*Work order*
The material below holds the lines to copy: from the one with "学术报告-Multiscale Computational Electromagnetics" up to and including the one with "캠페인은 점심시간을 활용해". Copy them exactly and skip the pictures.

*Input data*
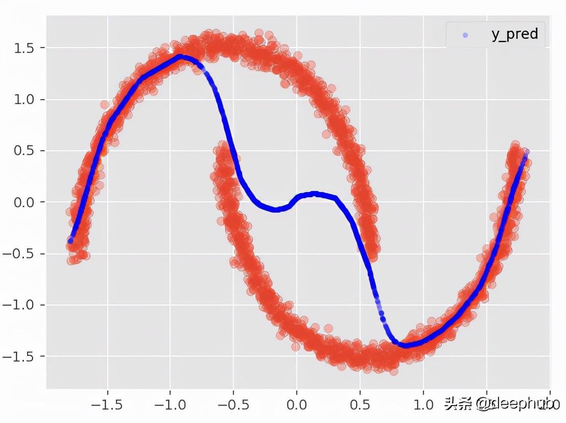 两个模型都没有成功的主要原因是:对于同一个 X 值存在多个不同的 y 值……更具体地说,对于同一个 X 似乎存在不止一个可能的 y 分布。 回归模型只是试图找到最小化误差的最优函数,并没有考虑到密度的混合,所以 中间的那些X没有唯一的Y解,它们有两种可能的解,所以导致了以上的问题。
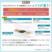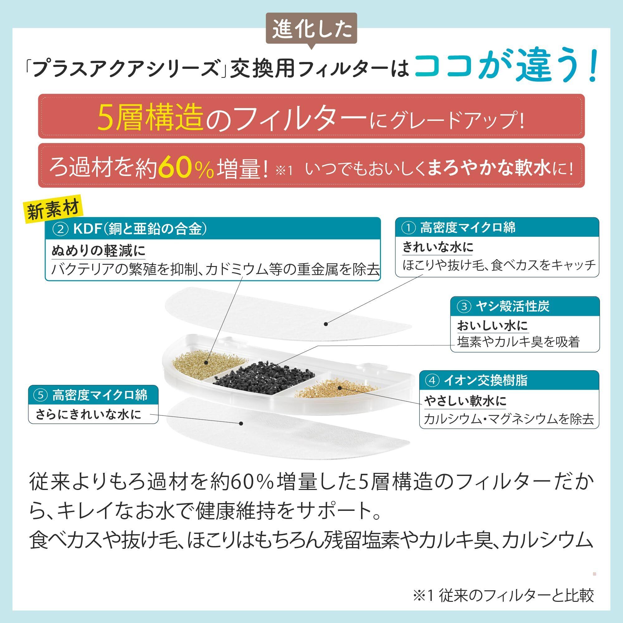 進化したプラスアクアシリーズ交換用フィルターはココが違う! 5層構造のフィルターにグレードアップ!・ろ過材を約60%増量!いつでもおいしくまろやかな軟水に! 新素材KDF(銅と亜鉛の合金)はバクテリアの繁殖を抑制するのでぬめりの軽減に!さらにカドミウムなどの重金属を除去 従来のフィルターよりもキレイなお水で健康維持をサポート
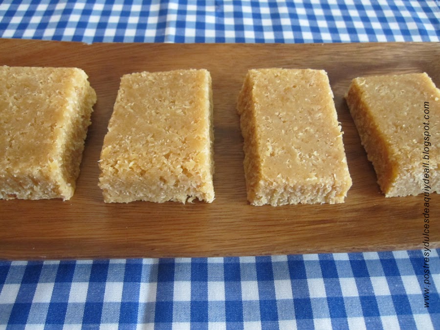 Una vez hecho esto que es lo realmente mas laborioso lo rallas por la parte mas gruesa del rallo,lo llevas en una olla (yo te recomiendo un caldero porque su calor es más uniforme),con el azúcar y el agua observa bien por que aquí la única finalidad es unir bien el coco con el azúcar es decir amelcochar, te repito es muy importante por que si no te queda en ese punto tus tabletas no van a endurecer sino que se van desboronar .es muy importante revolver hasta que despeguen bien amelcochadas del caldero u olla, entonces estará lista la bajas y rápidamente porque se enfrían pronto la colocas en una bandeja preferiblemente plana esparces bien respetando un grosor adecuado o dependiendo de tu gusto pero las tabletas son cuadradas y de un grosor normal, si las haces muy delgadas serán fácil de quebrarse y si las haces muy gruesas no lucirán muy bien. El momento de cortarlas es justo cuando están tibiecitas y cuidar de voltearlas para que la parte de abajo se seque también.
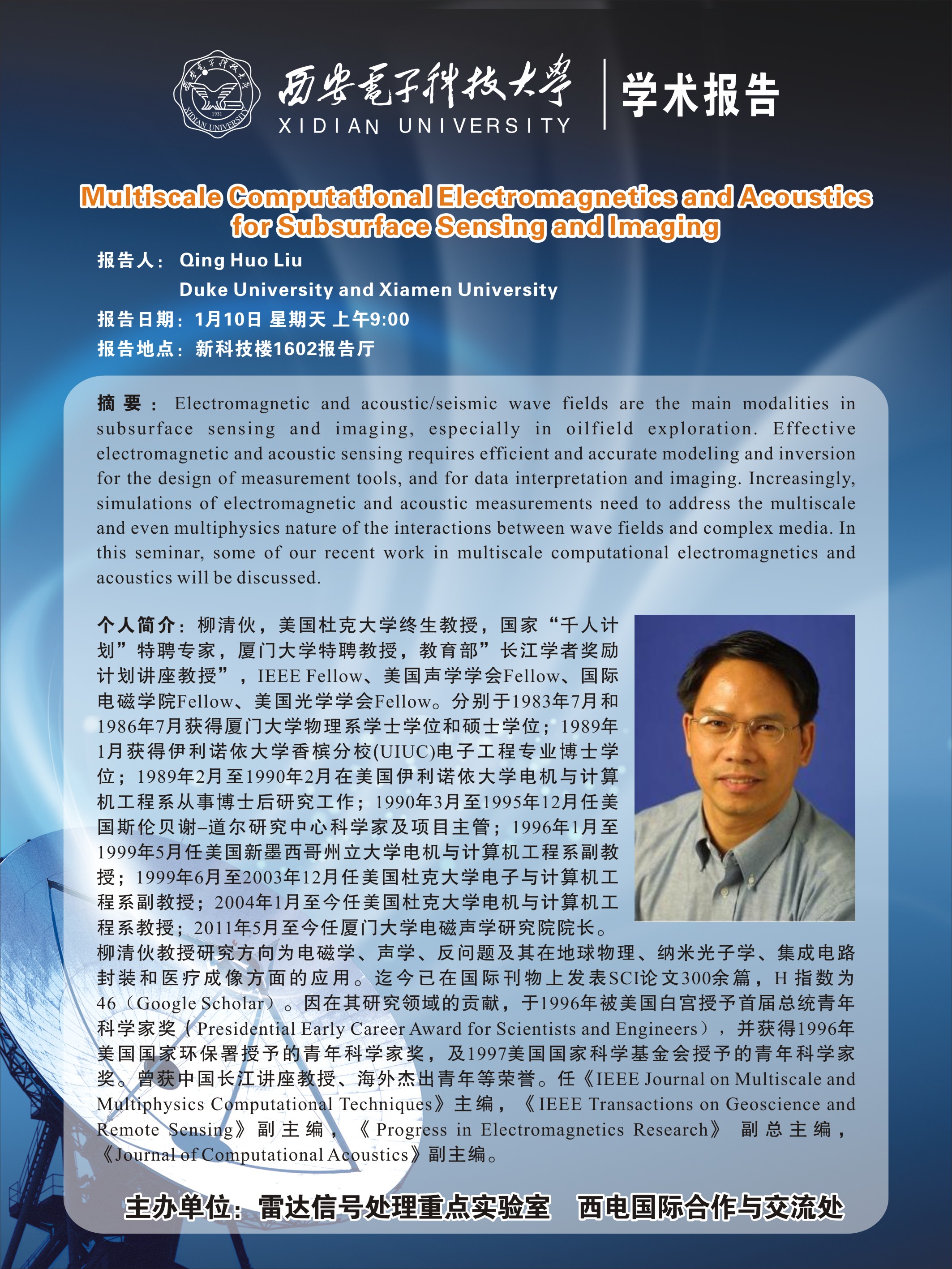 学术报告-Multiscale Computational Electromagnetics and Acoustics for Subsurface Sensing and Imaging 2016-01-06 15:35:00 浏览次数: 上一篇文章:2026世界杯官网科协举办“双旦晚会” 下一篇文章:公司举办新年联欢班级活动
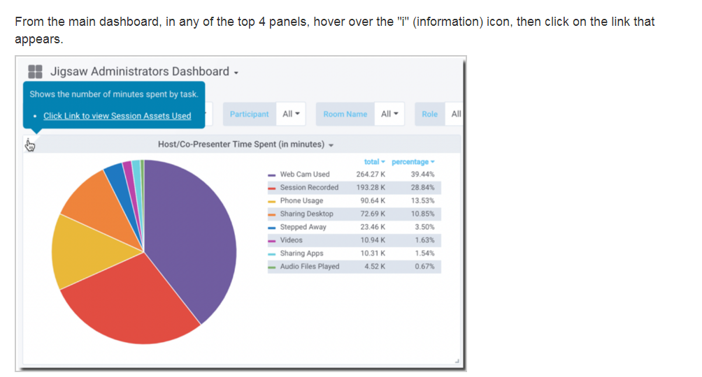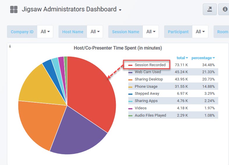 Simply, click once on "Session Recorded" and it will turn grey and the data will be removed from the pie chart (see below). Now, the smaller pie slices have more room to be displayed. Note that this only affects which pie slices are displayed.
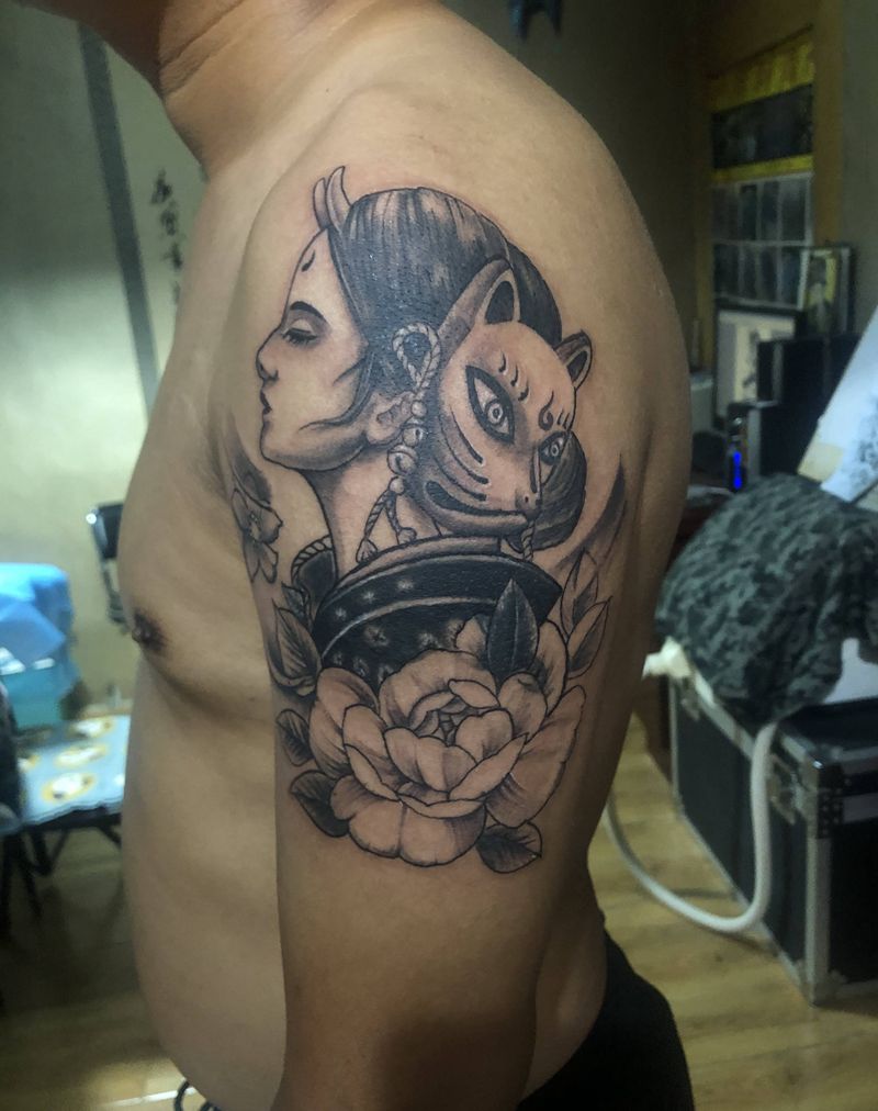 • 纹身吧推荐的披肩图腾半胛纹身图案作品展示
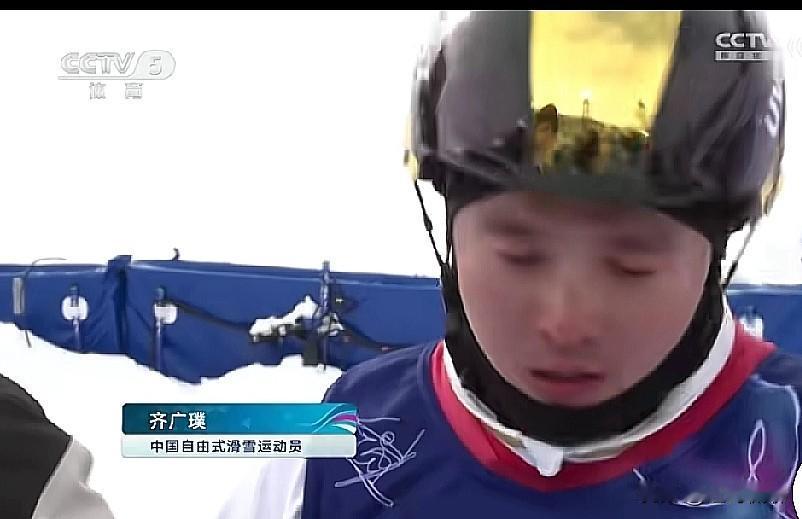 昨天齐广璞赛后哭了,他说:“自己没有什么遗憾,能平安完赛就成功了,看见他们超越了我 我就放心了,”体育有时就是这么残酷,他预赛都很稳定,最后为了突破选择了更高的难度,也就选择了更大的风险,虽然他没有站上领奖台,但这位老将的确尽力了,我们应该感谢他的努力。 齐广璞,1990年10月20日出生于江苏省徐州市沛县,中国自由式滑雪空中技巧运动员,北京体育大学硕士研究生,哈尔滨工业大学在读博士。
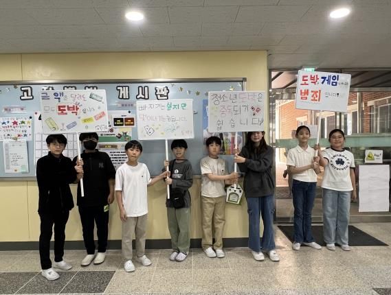 캠페인은 점심시간을 활용해 교내 주요 공간에서 진행됐다. 학생자치회 소속 학생들은 ‘도박은 게임이 아니라 범죄입니다’, ‘빠지기는 쉽지만 벗어나기는 힘듭니다’, ‘금액은 달라도 모두 도박입니다’ 등 도박의 유해성을 알리는 문구가 담긴 피켓을 직접 제작해 홍보 활동을 펼쳤다.
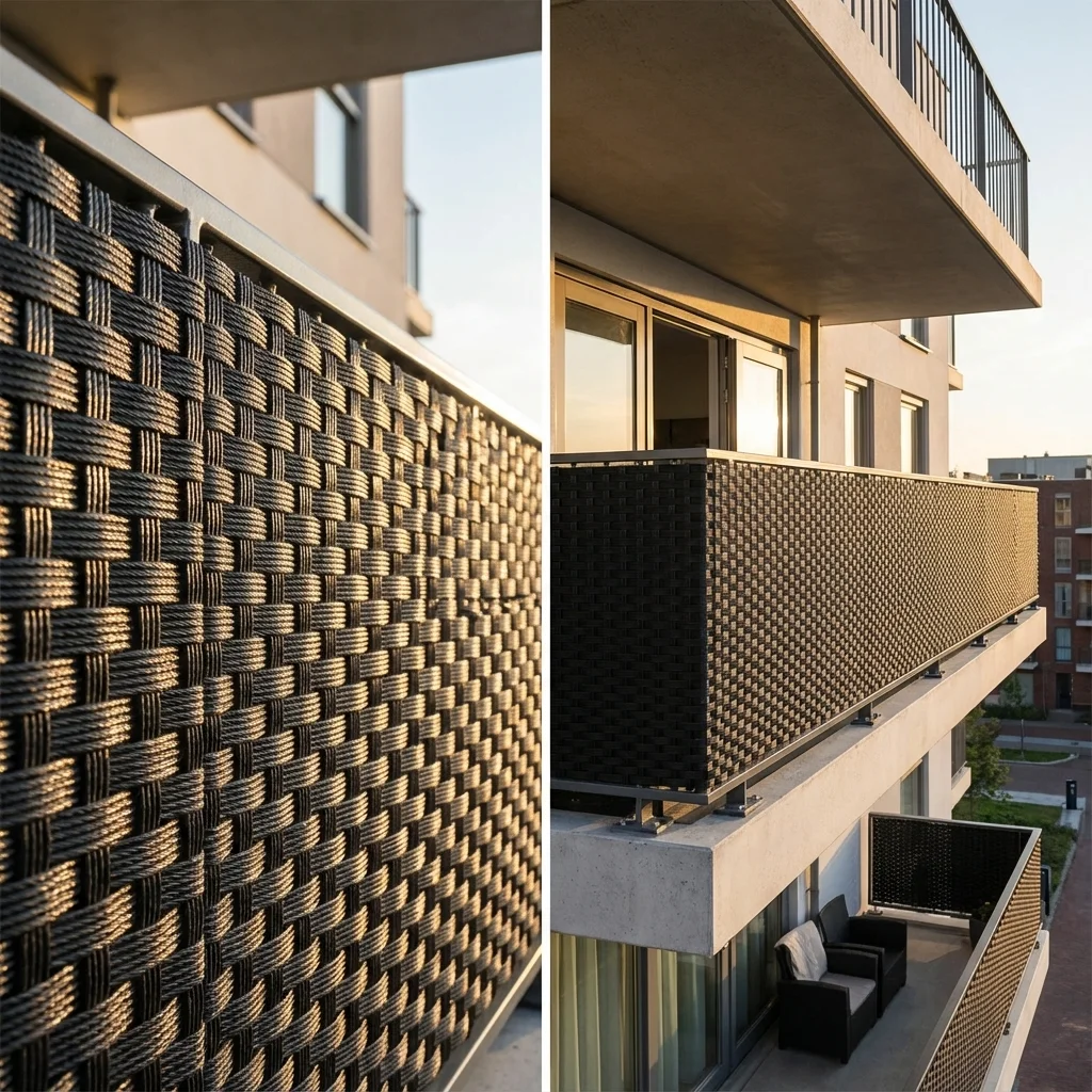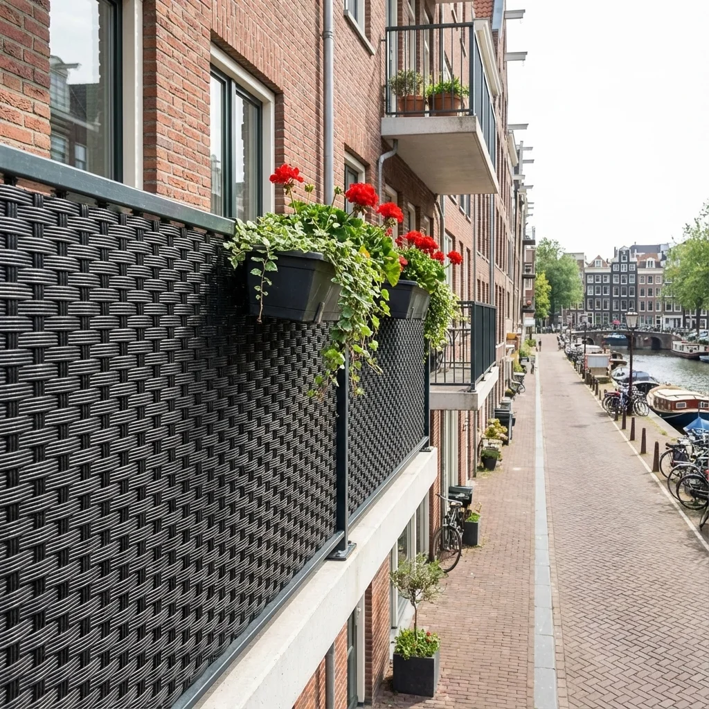 Dit balkonscherm is geweven uit polyrattan strepen. Deze innovatieve manier van weven zorgt er voor dat de strepen juist met elkaar worden verbonden. Zo zorgt het er ook voor dat u dit balkonscherm kan knippen op elk punt, zonder de kwaliteit van het scherm te verliezen. Het balkonscherm bruin & zwart heeft geen onderhoud nodig en het is eenvoudig schoon te maken met standaard schoonmaakmiddelen. Gebruik geen bleek om het doek schoon te maken.
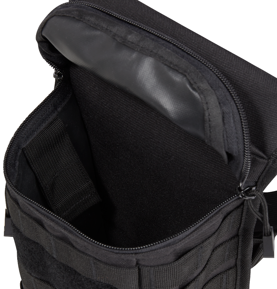 robustes 600DEN Polyester Material / 1 großes Hauptfach mit Reißverschluss und Fixierungsband (22 cm x 14 cm x 9 cm) / 1 Seitenfach mit Reißverschluss / 1 versteckte rückseitige Tasche mit Klettverschluss / Molle-System-Schlaufen / hochwertige Reißverschlüsse mit Zip-Pullern / große Klettfläche für Patches / verstell- und ablösbarer Hüftgurt - max. 135 cm / verstell- und ablösbarer Oberschenkelgurt - max. 80 cm / ideal für Beruf, Freizeit und Sport
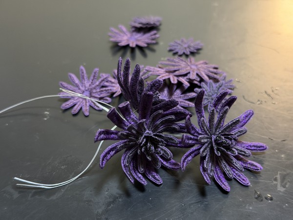 オーダーいただいた髪飾りを立体刺繍で作ってます。
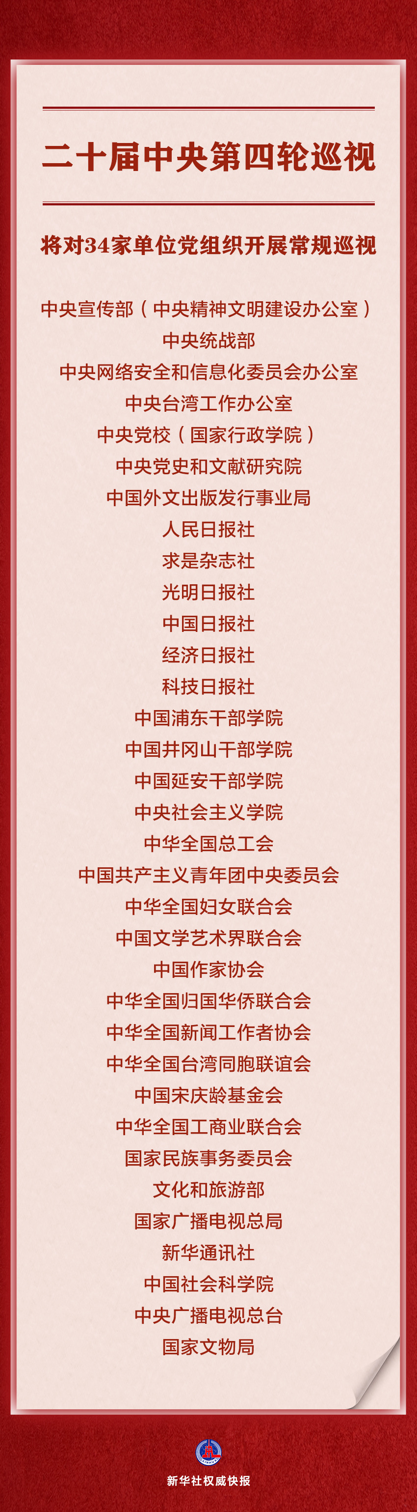 經黨(dang) 中央批準,二十屆中央第四輪巡視將對中央宣傳(chuan) 部(中央精神文明建設辦公室)、中央統戰部、中央網絡安全和信息化委員會(hui) 辦公室、中央台灣工作辦公室、中央黨(dang) 校(國家行政學院)、中央黨(dang) 史和文獻研究院、中國外文出版發行事業(ye) 局、人民日報社、求是雜誌社、光明日報社、中國日報社、經濟日報社、科技日報社、中國浦東(dong) 幹部學院、中國井岡(gang) 山幹部學院、中國延安幹部學院、中央社會(hui) 主義(yi) 學院、中華全國總工會(hui) 、中國共產(chan) 主義(yi) 青年團中央委員會(hui) 、中華全國婦女聯合會(hui) 、中國文學藝術界聯合會(hui) 、中國作家協會(hui) 、中華全國歸國華僑(qiao) 聯合會(hui) 、中華全國新聞工作者協會(hui) 、中華全國台灣同胞聯誼會(hui) 、中國宋慶齡基金會(hui) 、中華全國工商業(ye) 聯合會(hui) 、國家民族事務委員會(hui) 、文化和旅遊部、國家廣播電視總局、新華通訊社、中國社會(hui) 科學院、中央廣播電視總台、國家文物局等34家單位黨(dang) 組織開展常規巡視。

*Solution to this task*
 学术报告-Multiscale Computational Electromagnetics and Acoustics for Subsurface Sensing and Imaging 2016-01-06 15:35:00 浏览次数: 上一篇文章:2026世界杯官网科协举办“双旦晚会” 下一篇文章:公司举办新年联欢班级活动
 Simply, click once on "Session Recorded" and it will turn grey and the data will be removed from the pie chart (see below). Now, the smaller pie slices have more room to be displayed. Note that this only affects which pie slices are displayed.
 • 纹身吧推荐的披肩图腾半胛纹身图案作品展示
 昨天齐广璞赛后哭了,他说:“自己没有什么遗憾,能平安完赛就成功了,看见他们超越了我 我就放心了,”体育有时就是这么残酷,他预赛都很稳定,最后为了突破选择了更高的难度,也就选择了更大的风险,虽然他没有站上领奖台,但这位老将的确尽力了,我们应该感谢他的努力。 齐广璞,1990年10月20日出生于江苏省徐州市沛县,中国自由式滑雪空中技巧运动员,北京体育大学硕士研究生,哈尔滨工业大学在读博士。
 캠페인은 점심시간을 활용해 교내 주요 공간에서 진행됐다. 학생자치회 소속 학생들은 ‘도박은 게임이 아니라 범죄입니다’, ‘빠지기는 쉽지만 벗어나기는 힘듭니다’, ‘금액은 달라도 모두 도박입니다’ 등 도박의 유해성을 알리는 문구가 담긴 피켓을 직접 제작해 홍보 활동을 펼쳤다.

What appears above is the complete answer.